Companies like AWS, Azure, and Google Cloud offer serverless services, such as AWS Lambda, Azure Functions, and Google Cloud Functions.

These services automatically manage the server infrastructure, scaling it as needed, so that developers can focus on building and deploying applications quickly and easily. You can read more about serverless infrastructures on the red hat website.

You will learn how to use the Alchemy custom webhooks to get real-time blockchain data, AWS lambda functions to power your backend, how to store the data in a Dynamo database, and implement AWS API gateway to create the endpoint we’ll use to store and query the blocks data.

To develop our API, we’ll be using:

• Alchemy Custom Webhooks to retrieve real-time blockchain data
  • If you don’t already have an Alchemy account, you can create one completely for free.
• AWS Lambda to process blockchain data
  • You can learn how to create a new AWS account using their creating an AWS account guide.
• AWS API Gateway to manage our API
• Dynamo DB to store the received data
• AWS Cloud formation and SAM to create our serverless infrastructure in less than 5 minutes.
  • Refer to Amazon's guide to install or update the latest version of the AWS CLI.
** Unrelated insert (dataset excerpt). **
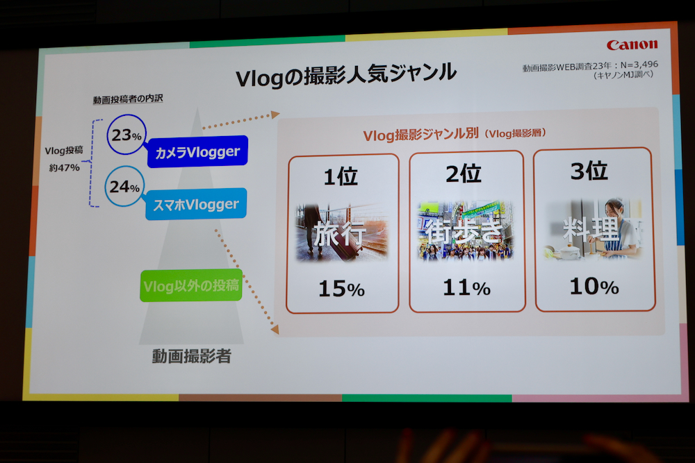 キヤノンの分析によると、Vlogをしているユーザーは『カメラVlogger』と『スマホVlogger』に分かれており、スマホVloggerは『もっと高画質で撮りたい』『スマホのバッテリーや容量を消費したくない』というニーズがあり、カメラVloggerには、『機材が多い・重い』という悩みがあるらしい。

Don’t worry if you don’t recognize any of these names (except Alchemy, shame on you if you don’t know about Alchemy). You’ll learn how every and each of those works in the following sections.

Before, let’s briefly take a look at the prerequisites.

Prerequisities

To create a serverless blockchain data ingesting architecture in 5 minutes, you’ll need:

• A free Alchemy account
• An AWS Account
• AWS CLI installed and logged in

To verify that AWS has been installed correctly on your device, or if it has already been installed, run the following command in your terminal: which was

which aws

Once you have finished creating your accounts and installing the AWS CLI, you will be all set to start creating your first serverless blockchain data-ingesting and querying API in just 5 minutes.
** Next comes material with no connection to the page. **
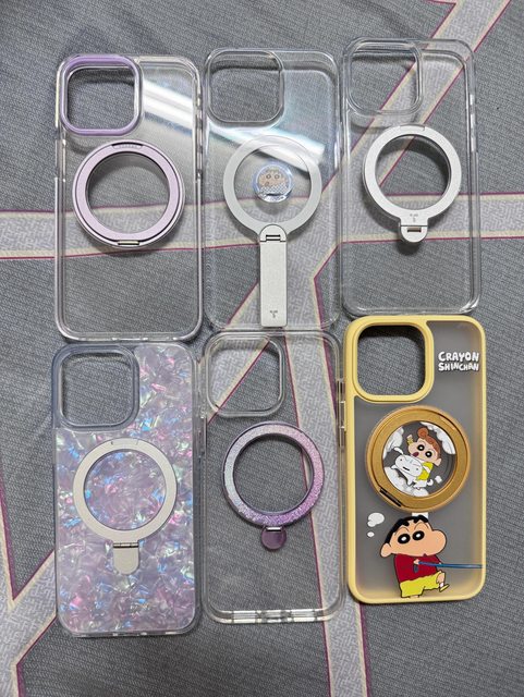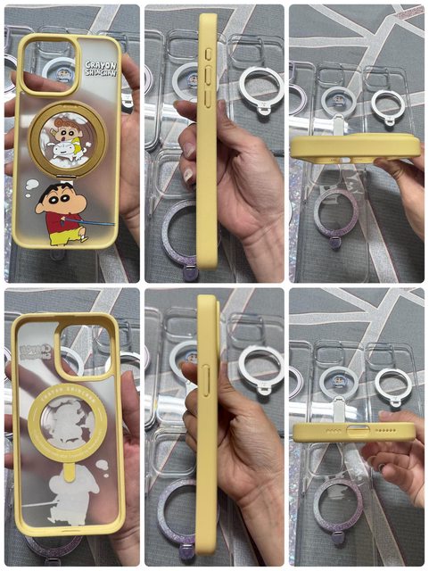 7.ROCK蠟筆小新正版支架手機殼(69RMB),這個手感超級好的,支架旋轉會有聲音(跟anker一樣旋轉裡面也會跟著轉),膚感材質,但是用久一定會髒,16系列的顏色比較好看,15系列只有黃色跟灰色可以選。

To do this, we will use SAM, an application model by AWS that allows you to spin up serverless infrastructure quickly.

Let's see how. 👀\

Step 1: Install SAM (AWS Serverless Applications Model)

SAM provides a faster way to spin up serverless applications on AWS by using a Lambda-like execution environment that enables you to locally build, test, and debug your applications. Additionally, it offers templates to quickly create serverless applications.

Using SAM, you can define the application infrastructure you want and model it using YAML with just a few lines per resource. During deployment, SAM automatically transforms and expands the SAM syntax into AWS CloudFormation syntax, allowing you to build serverless applications quickly.

You can learn more about AWS Cloud Formation on the AWS docs.

First of all, navigate to the SAM installation page and select the GUI Package relative to your OS.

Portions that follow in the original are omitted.